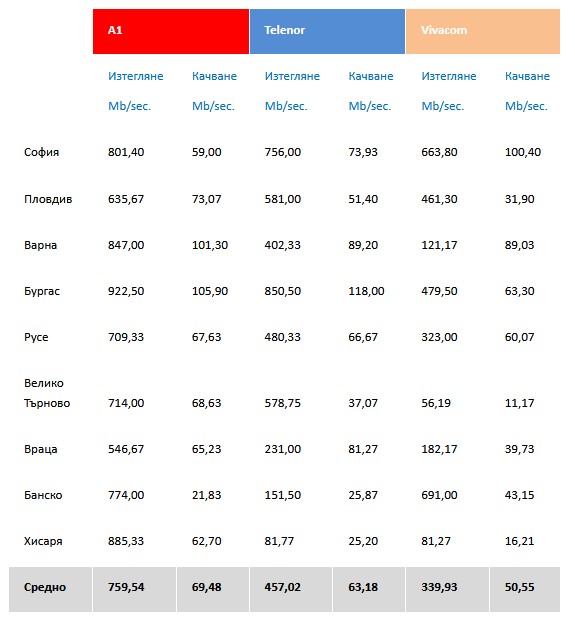 Организацията е установила, че при тестовете А1 е постигнала най-високи средни скорости на изтегляне на данни - 759 Mbps. Следват Telenor с 457 Mbps и VIVACOM с 340 Mbps. Скоростите на изпращане на данни са съответно 69 Mbps при А1, 63 Mbps при Telenor и 50 Mbps при VIVACOM. Отчетените скорости в различните градове можете да видите в тази таблица, но освен тях "Активни потребители" дава данни и за регистрираните най-високи и най-ниски скорости на трансфер за всеки оператор.
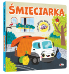 Książeczka została przygotowana z myślą o maluchach – jest w całości wykonana z grubego kartonu i ma bezpieczne, zaokrąglone rogi. Dzięki temu dzieci mogą ją samodzielnie oglądać, poznając wygląd i pracę śmieciarki.
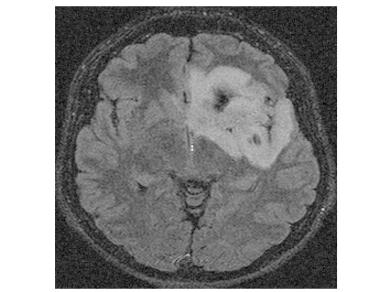 Астроцитома (фокальная) контрастное усиление 40 лет, Парестезии несколько лет, диагноз: рассеянный склероз. Перед исследова- нием - судорожный припадок
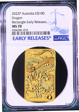 2022 Dragon 1oz .9999 GOLD Rectangular $1 Dollar Bar COIN NGC MS 70 ER
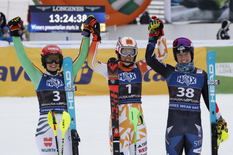 Víťazka nedeľňajšieho slalomu v Kranjskej Gore, Petra Vlhová (uprostred), strieborná Lena Dürrová (vľavo) a bronzová A.J. Hurtová (vpravo). Kranjska Gora, 7. január 2024. Foto: SITA/AP.
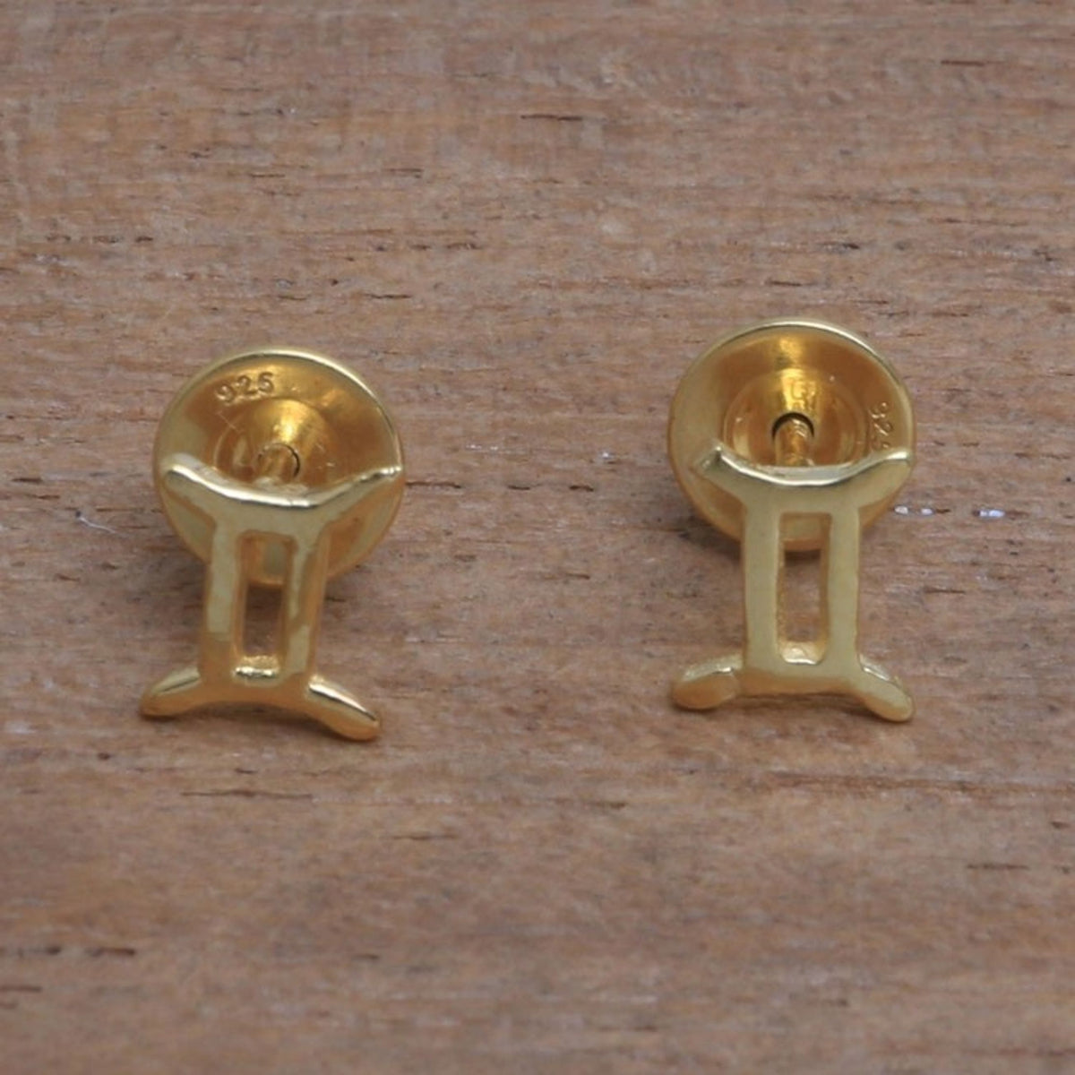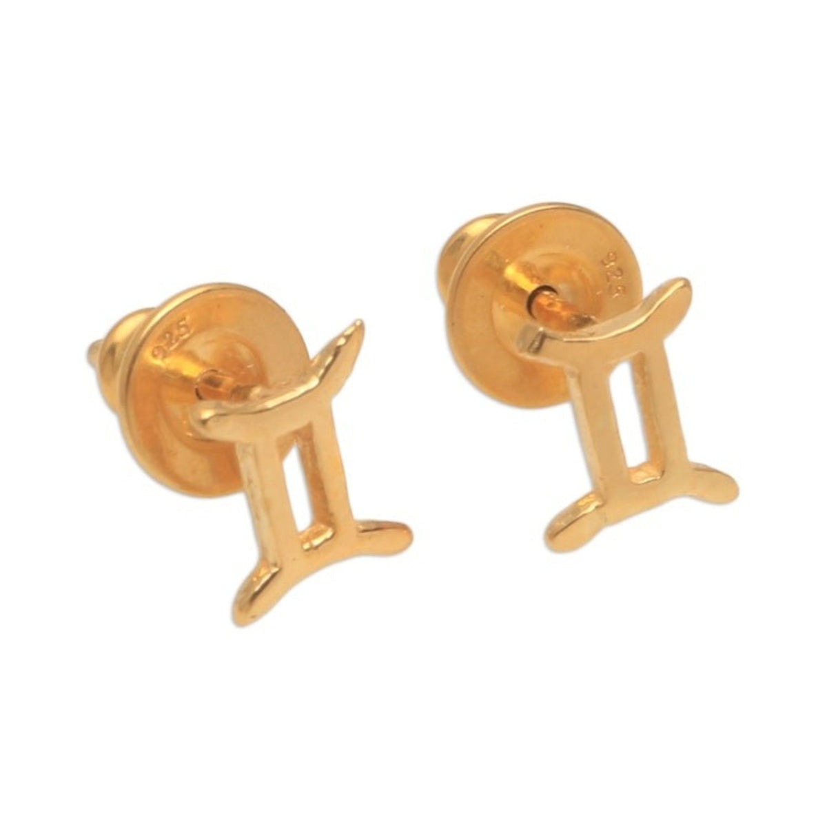 18k Gold Plated Sterling Silver Gemini Stud Earrings 'Golden Gemini'
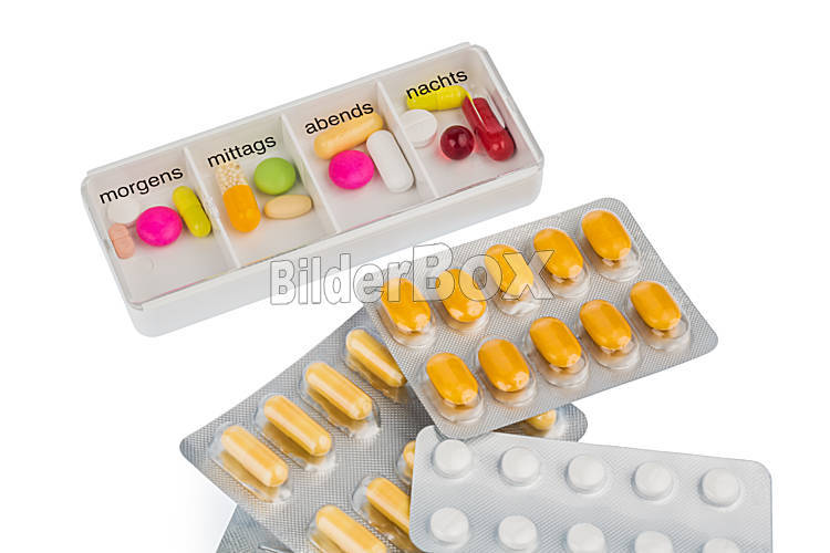 Beschreibung Tablettenspender, Symbolfoto für Therapie, Verordnung und Dosierung
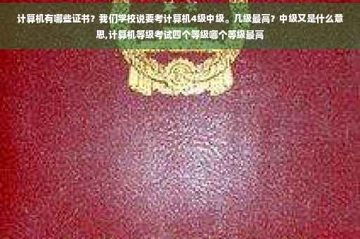 1。计算机等级考试,教育部旗下的考试,分1-4级。最高级是4级,对应的是计算机专业本科毕业的水平。考试分理论考试(笔试)和上机考试两部分,一般而言,笔试的应试准备比上机要轻松一点,上机考试有时还会受当时的情绪影响(紧张)。
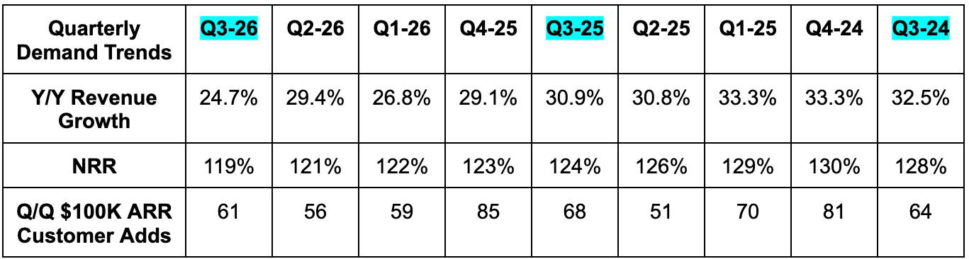 - Missed 120% net retention rate (NRR) with 119% NRR.
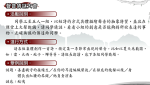 同學三至五人一組,以短詩的方式具體描繪聲音的抽象特質,並且在課堂上大聲朗誦,請同學猜謎,看看小組的創意是否能夠將所欲表達的事物,正確無誤的傳達給同學。
# # # #
== Exercise aim ==
Lines from the one that holds "1。计算机等级考试,教育部旗" through the final line of the material are to be duplicated exactly; no pictures belong in the copy.

== Response to this task ==
 1。计算机等级考试,教育部旗下的考试,分1-4级。最高级是4级,对应的是计算机专业本科毕业的水平。考试分理论考试(笔试)和上机考试两部分,一般而言,笔试的应试准备比上机要轻松一点,上机考试有时还会受当时的情绪影响(紧张)。
 - Missed 120% net retention rate (NRR) with 119% NRR.
 同學三至五人一組,以短詩的方式具體描繪聲音的抽象特質,並且在課堂上大聲朗誦,請同學猜謎,看看小組的創意是否能夠將所欲表達的事物,正確無誤的傳達給同學。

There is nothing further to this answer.